Freshers’ Week 2008 – Alan Bates – QMU

George Binning

If you have never seen a hypnotist at work before it is easy to assume that hypnotism is some sort of irresistible form of mind control.  Having seen hypnotists on the telly box I had always put hypnotism into the same bracket as voodoo, bluetooth and other types of black magic. However the reality is somewhat different.

By the Wednesday of Freshers’ Week, fatigue was catching up on Freshers and Helpers alike; the late nights were taking their toll, and even the copious amounts of Rockstar being handed out could only do so much to raise spirits. And so Alan Bates, the renowned hypnotist, provided a welcome evening of sedentary entertainment in the Queen Margaret Union.

He started by performing a simple hypnosis experiment on the whole audience, telling us our hands would become inseparably stuck together. This test enabled Bates to extract the ten most suggestible members of the audience to act as his ‘volunteers’ for the rest of the show. It then took about 15 minutes for Bates to coax his volunteers into a fully suggestible state, a stage that is obviously edited from television shows.

A disappointed murmur washed over the audience when he told us that he was not going to humiliate or torture any of his volunteers.

Fortunately I was not susceptible to Mr Bates’ mind games; otherwise my recollection might have been limited to the beginning and end of the show. When told that my hands were glued together, I had no desire to open my hands, but I also thought, if my hands really are stuck together I might as well have a go at pulling them apart. Lo and behold, they opened quite easily.

It seems that this simple decision to open my hands was the point at which the spell unravelled – although I was very willing to be hypnotised, I definitely wasn’t going to help Bates out. I expected to be possessed, not just persuaded.

The rest of the show panned out as you might expect, Bates making the volunteers believe they were Martians, that they were glued to their seats, or that their shoe was a phone and they were talking to their favourite celebrity. There was a particularly funny moment when the hypnotised subjects were told that Alan Bates was going to lift his head clean from his shoulders, provoking a pleasingly horrified reaction from the entranced few on stage.

Although these stunts most certainly gave the appearance of a Jedi mind trick, my mind was filling with doubt, where previously there had been none. The problem was that I might have fallen under his spell at the start of the show, but had instead, without much difficulty, decided to unclasp my hands – and that was all. And so over the course of the show, it became my firm belief that hypnotism only worked with a certain willingness in the volunteer to play along with the hypnotist.

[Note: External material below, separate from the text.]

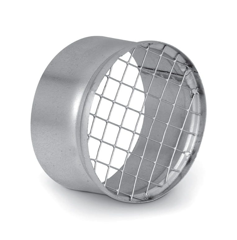 Króciec osiatkowany wykonany nyplowo z blachy ocynkowanej pasuje bezpośrednio do okrągłych rur SPIRO. Siatka zabezpieczająca na końcu króćca służy do ochrony wlotu przed dostaniem się ptaków, liści oraz większych zanieczyszczeń. Element ten stanowi najprostsze zakończenie kanału wentylacyjnego jednocześnie zapewniający minimalny opór powietrza.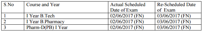 It is here by informed that the B.TECH, B.PHARMACY and Pharm-D(PB) courses Examinations to be held on 02-06-2017 are postponed and rescheduled as mentioned below.

Speaking to the volunteers after the show proved interesting. All of Alan Bates’ subjects were very confused about their experience at the end of the performance. Almost all them had no recollection of the show and felt as though they had been asleep for a long time; one said he felt as though he had just come out of a yoga class.

Volunteer Grant Gallacher was a strange case: a light smoker, originally sceptical of the power of hypnotism, he was told that he should give up smoking and maintains, at the time of writing, that he has not smoked since. A few of the volunteers’ friends said, in the nicest possible way, that they weren’t surprised their friend had been so open to manipulation, though I didn’t want to question exactly what they meant by that.

It was clear that everyone who had been on stage had been under a spell of sorts. However, I put the question to the volunteers, “Had you fallen over while your hands were stuck together, could you have put your hands out to break your fall?” With some difficulty most of them said yes.

This to me was the killer question – how inseparable were their hands really? It occurred to me that the pressure of being on stage might have been another factor in coercing the subjects into playing along.

Alan Bates put on an excellent show – perfect for that time of the week – and he told some good jokes and pulled off some excellent feats of mind manipulation. Even so, I came away sceptical at the potency of the power of suggestion. It seemed as though hypnotism was only successful if the subjects were willing to do a fair bit of the work for themselves.

Perhaps I’m just disappointed that it didn’t work on me, or perhaps my understanding of hypnotism has been unduly influenced by the movies, but my understanding of the practice has changed to something less romantic, and I note, somewhat regretfully, that I have managed to write a whole review without using the phrase ‘mesmerizing performance”.